Lack if sleep and stress can kill your recovery. I know you are joking about the EPO stuff. But liquid sleep would be a great invention.


----------



## shermes (Jul 26, 2008)

https://twitter.com/lancearmstrong/status/337925588394328065


----------



## Ventruck (Mar 9, 2009)

shermes said:


> https://twitter.com/lancearmstrong/status/337925588394328065


Saw that too. Hilarious.


----------



## Bluenote (Oct 28, 2012)

shermes said:


> https://twitter.com/lancearmstrong/status/337925588394328065


I liked the snarky poster "Lance, I learned it from watching _you_!"


----------



## terzo rene (Mar 23, 2002)

My response to Lance and others asking how he could be that stupid? Practice makes perfect. Danilo has had a lot of practice, maybe even 10,000 hours worth by now.


----------



## PaxRomana (Jan 16, 2012)

All these guys with cool nicknames keep getting popped: the Cobra, the Killer.

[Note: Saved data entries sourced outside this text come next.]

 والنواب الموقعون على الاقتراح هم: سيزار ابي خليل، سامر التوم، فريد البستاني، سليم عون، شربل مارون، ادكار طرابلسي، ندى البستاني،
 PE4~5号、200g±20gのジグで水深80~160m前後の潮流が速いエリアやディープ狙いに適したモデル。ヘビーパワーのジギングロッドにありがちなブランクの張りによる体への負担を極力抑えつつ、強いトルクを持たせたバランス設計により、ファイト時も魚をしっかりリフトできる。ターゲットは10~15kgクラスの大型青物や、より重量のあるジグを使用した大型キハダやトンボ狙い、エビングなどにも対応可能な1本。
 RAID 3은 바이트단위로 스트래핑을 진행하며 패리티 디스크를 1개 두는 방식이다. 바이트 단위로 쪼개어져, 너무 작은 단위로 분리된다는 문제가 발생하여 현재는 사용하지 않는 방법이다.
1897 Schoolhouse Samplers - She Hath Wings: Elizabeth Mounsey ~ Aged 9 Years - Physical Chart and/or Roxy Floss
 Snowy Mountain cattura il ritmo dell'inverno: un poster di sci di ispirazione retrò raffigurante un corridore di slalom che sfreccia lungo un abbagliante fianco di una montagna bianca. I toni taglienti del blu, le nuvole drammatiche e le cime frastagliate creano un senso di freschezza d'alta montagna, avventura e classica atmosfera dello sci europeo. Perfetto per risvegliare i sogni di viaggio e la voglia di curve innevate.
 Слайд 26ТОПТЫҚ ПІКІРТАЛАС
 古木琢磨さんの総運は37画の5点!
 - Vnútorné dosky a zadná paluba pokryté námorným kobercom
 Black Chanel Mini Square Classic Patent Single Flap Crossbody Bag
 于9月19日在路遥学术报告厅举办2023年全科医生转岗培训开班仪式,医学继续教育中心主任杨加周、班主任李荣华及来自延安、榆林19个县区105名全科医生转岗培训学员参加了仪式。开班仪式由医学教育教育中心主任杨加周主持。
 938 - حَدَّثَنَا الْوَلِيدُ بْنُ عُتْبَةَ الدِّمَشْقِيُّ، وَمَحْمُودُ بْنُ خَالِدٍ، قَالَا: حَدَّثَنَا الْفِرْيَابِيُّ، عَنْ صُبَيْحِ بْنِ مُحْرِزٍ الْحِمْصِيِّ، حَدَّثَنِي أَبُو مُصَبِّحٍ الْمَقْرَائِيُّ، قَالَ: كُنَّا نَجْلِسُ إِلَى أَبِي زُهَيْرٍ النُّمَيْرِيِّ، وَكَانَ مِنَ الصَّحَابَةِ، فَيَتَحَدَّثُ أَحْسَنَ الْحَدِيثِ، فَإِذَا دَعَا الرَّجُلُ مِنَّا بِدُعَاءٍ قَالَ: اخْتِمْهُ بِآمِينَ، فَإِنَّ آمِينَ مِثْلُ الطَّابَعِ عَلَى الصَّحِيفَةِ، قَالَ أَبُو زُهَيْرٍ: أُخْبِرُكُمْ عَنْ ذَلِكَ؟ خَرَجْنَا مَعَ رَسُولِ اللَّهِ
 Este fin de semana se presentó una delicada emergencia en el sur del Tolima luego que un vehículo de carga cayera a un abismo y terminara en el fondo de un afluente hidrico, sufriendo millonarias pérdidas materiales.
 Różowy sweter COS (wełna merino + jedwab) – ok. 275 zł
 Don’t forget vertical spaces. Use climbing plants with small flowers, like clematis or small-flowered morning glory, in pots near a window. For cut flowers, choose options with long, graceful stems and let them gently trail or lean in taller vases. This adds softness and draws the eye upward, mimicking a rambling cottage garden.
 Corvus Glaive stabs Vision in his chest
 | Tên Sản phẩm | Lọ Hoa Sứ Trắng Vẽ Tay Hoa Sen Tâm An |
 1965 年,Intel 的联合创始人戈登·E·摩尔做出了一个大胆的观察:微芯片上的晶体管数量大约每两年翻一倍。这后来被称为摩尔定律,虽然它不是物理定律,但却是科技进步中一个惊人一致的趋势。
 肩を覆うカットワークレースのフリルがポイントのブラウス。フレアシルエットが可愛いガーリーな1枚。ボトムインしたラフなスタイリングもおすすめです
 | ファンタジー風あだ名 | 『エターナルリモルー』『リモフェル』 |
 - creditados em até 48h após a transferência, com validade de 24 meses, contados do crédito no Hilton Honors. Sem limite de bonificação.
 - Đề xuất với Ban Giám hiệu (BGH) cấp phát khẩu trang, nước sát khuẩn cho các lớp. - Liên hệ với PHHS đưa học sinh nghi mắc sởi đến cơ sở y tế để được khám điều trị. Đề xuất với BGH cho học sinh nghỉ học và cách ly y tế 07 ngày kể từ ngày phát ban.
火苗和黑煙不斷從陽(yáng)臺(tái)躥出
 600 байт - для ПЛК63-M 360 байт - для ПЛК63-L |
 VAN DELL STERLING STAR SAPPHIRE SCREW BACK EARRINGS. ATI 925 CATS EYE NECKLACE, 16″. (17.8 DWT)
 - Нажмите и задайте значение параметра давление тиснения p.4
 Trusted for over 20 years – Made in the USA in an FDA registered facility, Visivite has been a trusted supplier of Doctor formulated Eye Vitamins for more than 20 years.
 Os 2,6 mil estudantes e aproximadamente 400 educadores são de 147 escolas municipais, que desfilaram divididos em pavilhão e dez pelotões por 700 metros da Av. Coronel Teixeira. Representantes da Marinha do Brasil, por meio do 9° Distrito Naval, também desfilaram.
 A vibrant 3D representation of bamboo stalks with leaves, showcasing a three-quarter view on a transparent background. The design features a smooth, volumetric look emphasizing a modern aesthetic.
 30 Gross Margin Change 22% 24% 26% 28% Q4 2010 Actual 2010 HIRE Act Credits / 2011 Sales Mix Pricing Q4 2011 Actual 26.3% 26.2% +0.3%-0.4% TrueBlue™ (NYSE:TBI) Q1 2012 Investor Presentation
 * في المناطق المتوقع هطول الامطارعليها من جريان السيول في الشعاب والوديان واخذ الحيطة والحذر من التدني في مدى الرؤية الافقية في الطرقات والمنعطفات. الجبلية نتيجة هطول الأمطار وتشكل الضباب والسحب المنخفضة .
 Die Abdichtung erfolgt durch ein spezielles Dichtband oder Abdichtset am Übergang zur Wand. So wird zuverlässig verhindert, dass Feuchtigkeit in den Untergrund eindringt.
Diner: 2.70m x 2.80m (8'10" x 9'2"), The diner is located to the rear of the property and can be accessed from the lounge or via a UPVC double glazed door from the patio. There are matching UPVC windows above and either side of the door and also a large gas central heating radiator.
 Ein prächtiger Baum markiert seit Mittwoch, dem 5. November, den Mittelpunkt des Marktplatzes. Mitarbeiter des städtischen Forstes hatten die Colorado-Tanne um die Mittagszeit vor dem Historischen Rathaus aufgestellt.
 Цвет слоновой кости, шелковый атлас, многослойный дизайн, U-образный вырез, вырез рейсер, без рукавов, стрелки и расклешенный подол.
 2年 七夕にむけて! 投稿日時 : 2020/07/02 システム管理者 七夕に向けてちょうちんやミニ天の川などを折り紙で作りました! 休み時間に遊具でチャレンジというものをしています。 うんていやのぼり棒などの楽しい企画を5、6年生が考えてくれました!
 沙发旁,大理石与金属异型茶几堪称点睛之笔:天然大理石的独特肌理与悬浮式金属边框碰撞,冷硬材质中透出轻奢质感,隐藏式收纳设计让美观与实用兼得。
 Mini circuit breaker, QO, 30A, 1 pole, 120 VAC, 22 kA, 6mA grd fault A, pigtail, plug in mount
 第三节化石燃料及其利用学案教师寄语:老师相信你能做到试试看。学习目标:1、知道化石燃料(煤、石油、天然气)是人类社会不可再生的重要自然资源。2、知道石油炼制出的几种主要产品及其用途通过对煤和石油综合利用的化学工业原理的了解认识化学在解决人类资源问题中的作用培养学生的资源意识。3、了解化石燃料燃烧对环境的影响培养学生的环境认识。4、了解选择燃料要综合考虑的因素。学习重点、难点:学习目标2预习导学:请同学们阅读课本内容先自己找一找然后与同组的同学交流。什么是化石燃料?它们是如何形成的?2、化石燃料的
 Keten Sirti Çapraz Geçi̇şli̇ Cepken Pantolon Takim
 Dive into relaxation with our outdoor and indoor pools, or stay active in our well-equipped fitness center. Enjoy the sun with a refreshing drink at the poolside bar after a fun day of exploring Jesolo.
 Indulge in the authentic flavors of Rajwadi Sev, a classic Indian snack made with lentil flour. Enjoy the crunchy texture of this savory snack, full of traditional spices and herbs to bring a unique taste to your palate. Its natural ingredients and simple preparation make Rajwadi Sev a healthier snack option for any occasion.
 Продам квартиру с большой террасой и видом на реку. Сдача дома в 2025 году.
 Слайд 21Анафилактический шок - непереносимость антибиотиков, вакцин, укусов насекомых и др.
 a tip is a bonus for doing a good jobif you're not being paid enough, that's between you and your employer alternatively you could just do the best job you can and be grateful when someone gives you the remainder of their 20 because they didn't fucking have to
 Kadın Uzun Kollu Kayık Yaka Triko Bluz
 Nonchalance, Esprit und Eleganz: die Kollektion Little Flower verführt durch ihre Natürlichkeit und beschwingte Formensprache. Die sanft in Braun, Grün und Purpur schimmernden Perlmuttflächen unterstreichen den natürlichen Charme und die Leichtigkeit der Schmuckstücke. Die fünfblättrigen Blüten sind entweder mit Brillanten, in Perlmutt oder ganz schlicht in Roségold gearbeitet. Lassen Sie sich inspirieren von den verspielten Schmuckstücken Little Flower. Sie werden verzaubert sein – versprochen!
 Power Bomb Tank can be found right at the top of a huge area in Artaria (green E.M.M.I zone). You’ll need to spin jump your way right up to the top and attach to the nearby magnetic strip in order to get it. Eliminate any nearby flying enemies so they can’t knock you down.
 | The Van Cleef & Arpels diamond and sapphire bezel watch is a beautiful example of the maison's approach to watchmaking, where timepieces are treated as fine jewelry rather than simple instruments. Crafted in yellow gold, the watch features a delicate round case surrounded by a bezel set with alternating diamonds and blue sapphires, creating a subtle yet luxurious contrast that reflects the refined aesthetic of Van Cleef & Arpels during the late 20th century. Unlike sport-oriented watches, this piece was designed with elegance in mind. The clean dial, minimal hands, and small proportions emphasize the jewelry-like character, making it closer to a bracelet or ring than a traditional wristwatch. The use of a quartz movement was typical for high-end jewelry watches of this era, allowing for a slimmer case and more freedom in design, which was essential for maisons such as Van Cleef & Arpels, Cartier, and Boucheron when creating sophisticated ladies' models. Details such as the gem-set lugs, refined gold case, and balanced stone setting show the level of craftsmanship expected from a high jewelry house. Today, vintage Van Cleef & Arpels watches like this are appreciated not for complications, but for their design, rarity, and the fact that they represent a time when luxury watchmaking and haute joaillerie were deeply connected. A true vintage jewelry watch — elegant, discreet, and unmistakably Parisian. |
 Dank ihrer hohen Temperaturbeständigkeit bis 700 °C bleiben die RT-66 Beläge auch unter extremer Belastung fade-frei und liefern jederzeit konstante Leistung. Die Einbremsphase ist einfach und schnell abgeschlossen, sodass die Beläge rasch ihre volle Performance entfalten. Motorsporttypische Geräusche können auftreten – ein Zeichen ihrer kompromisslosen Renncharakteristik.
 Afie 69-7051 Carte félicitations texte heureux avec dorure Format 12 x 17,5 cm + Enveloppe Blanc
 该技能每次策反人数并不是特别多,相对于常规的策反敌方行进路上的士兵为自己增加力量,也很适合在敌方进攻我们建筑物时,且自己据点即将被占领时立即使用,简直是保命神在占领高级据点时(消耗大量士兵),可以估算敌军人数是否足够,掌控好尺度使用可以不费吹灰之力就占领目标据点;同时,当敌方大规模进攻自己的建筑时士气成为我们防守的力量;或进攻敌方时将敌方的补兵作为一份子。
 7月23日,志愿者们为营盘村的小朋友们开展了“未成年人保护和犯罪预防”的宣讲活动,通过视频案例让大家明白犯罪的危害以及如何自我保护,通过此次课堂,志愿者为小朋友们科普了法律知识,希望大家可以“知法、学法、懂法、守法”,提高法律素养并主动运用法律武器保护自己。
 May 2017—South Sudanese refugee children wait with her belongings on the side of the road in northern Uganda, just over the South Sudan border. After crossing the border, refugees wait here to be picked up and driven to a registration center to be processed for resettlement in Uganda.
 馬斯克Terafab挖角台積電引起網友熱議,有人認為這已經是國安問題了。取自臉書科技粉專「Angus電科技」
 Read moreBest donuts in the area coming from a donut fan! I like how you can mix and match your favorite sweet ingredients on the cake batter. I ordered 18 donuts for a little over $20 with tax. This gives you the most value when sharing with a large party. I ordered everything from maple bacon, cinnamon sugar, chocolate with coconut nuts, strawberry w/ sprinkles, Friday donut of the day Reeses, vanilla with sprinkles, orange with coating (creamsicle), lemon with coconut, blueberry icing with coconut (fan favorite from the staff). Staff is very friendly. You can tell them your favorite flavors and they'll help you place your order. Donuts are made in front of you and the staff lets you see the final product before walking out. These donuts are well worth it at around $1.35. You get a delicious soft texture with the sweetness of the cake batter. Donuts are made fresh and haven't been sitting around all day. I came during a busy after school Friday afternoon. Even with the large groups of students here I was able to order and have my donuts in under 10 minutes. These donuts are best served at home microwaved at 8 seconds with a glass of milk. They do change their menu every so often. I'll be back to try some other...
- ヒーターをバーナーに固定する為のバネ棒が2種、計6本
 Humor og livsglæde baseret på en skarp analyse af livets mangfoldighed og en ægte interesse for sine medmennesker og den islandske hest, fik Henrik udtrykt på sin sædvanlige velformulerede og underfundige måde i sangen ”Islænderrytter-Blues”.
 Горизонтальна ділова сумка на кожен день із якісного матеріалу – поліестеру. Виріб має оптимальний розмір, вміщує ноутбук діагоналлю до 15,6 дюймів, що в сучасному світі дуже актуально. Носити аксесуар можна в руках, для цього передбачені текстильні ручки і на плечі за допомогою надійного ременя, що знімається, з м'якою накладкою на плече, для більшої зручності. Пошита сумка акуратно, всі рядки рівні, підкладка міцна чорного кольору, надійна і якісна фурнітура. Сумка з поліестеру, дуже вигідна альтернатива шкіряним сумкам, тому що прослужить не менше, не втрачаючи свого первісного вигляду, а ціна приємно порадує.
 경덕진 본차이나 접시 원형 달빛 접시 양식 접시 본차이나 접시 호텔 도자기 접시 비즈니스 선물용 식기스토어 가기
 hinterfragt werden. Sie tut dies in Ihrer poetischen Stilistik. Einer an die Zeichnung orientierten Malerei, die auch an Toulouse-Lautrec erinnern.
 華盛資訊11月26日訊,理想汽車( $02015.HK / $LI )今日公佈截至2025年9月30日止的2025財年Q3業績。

More like the Beavis and the Butthead.


----------



## Bill2 (Oct 14, 2007)

Vini Fantini-Selle Italia sports director Luca Scinto and sponsor Valentino Sciotti betrayed after giving Di Luca a chance to race again. 

[video]http://www.rai.tv/dl/RaiTV/programmi/media/ContentItem-581de1c4-7875-413d-a863-e3b1e4effdca-raisport.html#set=ContentSet-7bbd2092-5ccb-440f-a6a1-c8ab90a5c9ac&page=0[/video]


----------



## love4himies (Jun 12, 2012)

den bakker said:


> similar to the consequences it would have for de Luca if he was caught again? Yeah that worked out swell.


He's at the end of his career so a lifetime ban would not mean as much to him as a younger rider. AND there is too much of the "fess up, say you're sorry, we'll reduce your ban" deals going on that I don't think riders really think they will get a lifetime ban.


----------



## Ventruck (Mar 9, 2009)

Bill2 said:


> Vini Fantini-Selle Italia sports director Luca Scinto and sponsor Valentino Sciotti betrayed after giving Di Luca a chance to race again.
> 
> [video]http://www.rai.tv/dl/RaiTV/programmi/media/ContentItem-581de1c4-7875-413d-a863-e3b1e4effdca-raisport.html#set=ContentSet-7bbd2092-5ccb-440f-a6a1-c8ab90a5c9ac&page=0[/video]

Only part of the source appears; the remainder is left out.